British Researchers May Have Lucked Into a Treatment for Most Cancers

The BBC is reporting that researchers at the University of Cardiff have achieved something of a breakthrough in the treatment of most kinds of cancer. If it pans out, the deadly disease could become a lot less deadly and a lot more manageable. However, a lot of research needs to be done before the treatment shows up in a clinical setting.

Traditionally, three ways exist for treating cancers, surgery, chemotherapy, and radiation. Each of these methods has drawbacks. Surgery will often not get all of the cancer, which will continue to ravage the body. Chemo and radiation tend to damage the healthy tissue that surrounds the tumor, causing the patient to get sick, lose their hair, and suffer nausea.

The latest, cutting edge cancer treatment is called immunotherapy. The idea is to train the body’s immune cells to attack cancer cells using a living drug called Car-T. The drawback of this method is that it is highly specific, expensive, and is only effective against certain kinds of cancer such as leukemia.

Now the researchers at the University of Cardiff have found a type of immune cell that can be trained to kill a wide variety of cancers. If the method proves to be effective in patients, it will be a game-changer for the treatment of cancer. What was once a deadly disease that, at best, needs months of agonizing treatment to send into remission could be vanquished with a relatively simple therapy. The BBC explains how a type of immune cell called a T-cell could become a smart bullet that could make death from many cancers rare.

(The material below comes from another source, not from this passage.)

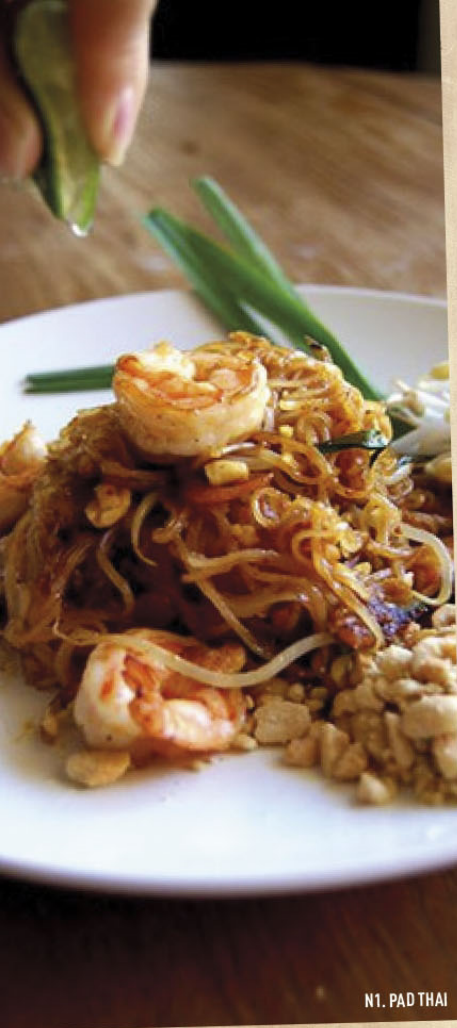
N1. PAD THAI

“Our immune system is our body’s natural defense against infection, but it also attacks cancerous cells. The scientists were looking for “unconventional” and previously undiscovered ways the immune system naturally attacks tumors. What they found was a T-cell inside people’s blood. This is an immune cell that can scan the body to assess whether there is a threat that needs to be eliminated. The difference is this one could attack a wide range of cancers.”

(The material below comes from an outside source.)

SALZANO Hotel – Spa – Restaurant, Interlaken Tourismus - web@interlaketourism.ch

T-cells have a kind of receptor that allows them to detect other cells chemically, seeking out a molecule called MR1 that is on the surface of every cell. This allows them to attack infections, thus curing the human body of a wide variety of diseases. The Cardiff researchers have found a particular kind of T-cell that can locate the chemical signature of a host of cancers, allowing them to seek them out and eradicate them.

“The idea is that a blood sample would be taken from a cancer patient. Their T-cells would be extracted and then genetically modified so they were reprogrammed to make the cancer-finding receptor. The upgraded cells would be grown in vast quantities in the laboratory and then put back into the patient. It is the same process used to make CAR-T therapies.”

The researchers caution that the new therapy has only been tested in the lab and on certain animals. The tests, which killed cancers including lung, melanoma, leukemia, colon, breast, prostate, bone and ovarian have proven to be promising. However, years of human trials reside ahead before the treatment can be proven safe and effective for human patients. Science Alert notes:

“To that end, the next step for the team – in addition to organizing future clinical trials – will be learning more about the mechanisms that enable MR1 to identify cancer cells at a molecular level.”

Typically, human trials take anywhere from five to ten years to discover whether or not a type of therapy being researched is both safe and effective. The type of treatment that has this much potential could be fast-tracked if preliminary results in human trials prove to be promising.

Immunotherapy has some significant advantages over more conventional cancer treatments. It does not touch healthy tissue, so fewer side effects present themselves. Also, modified T-cells can hunt down and destroy all of the cancer cells in the human body. That characteristic of the therapy makes it less likely that cancer will return to someone who has had the original disease sent into remission.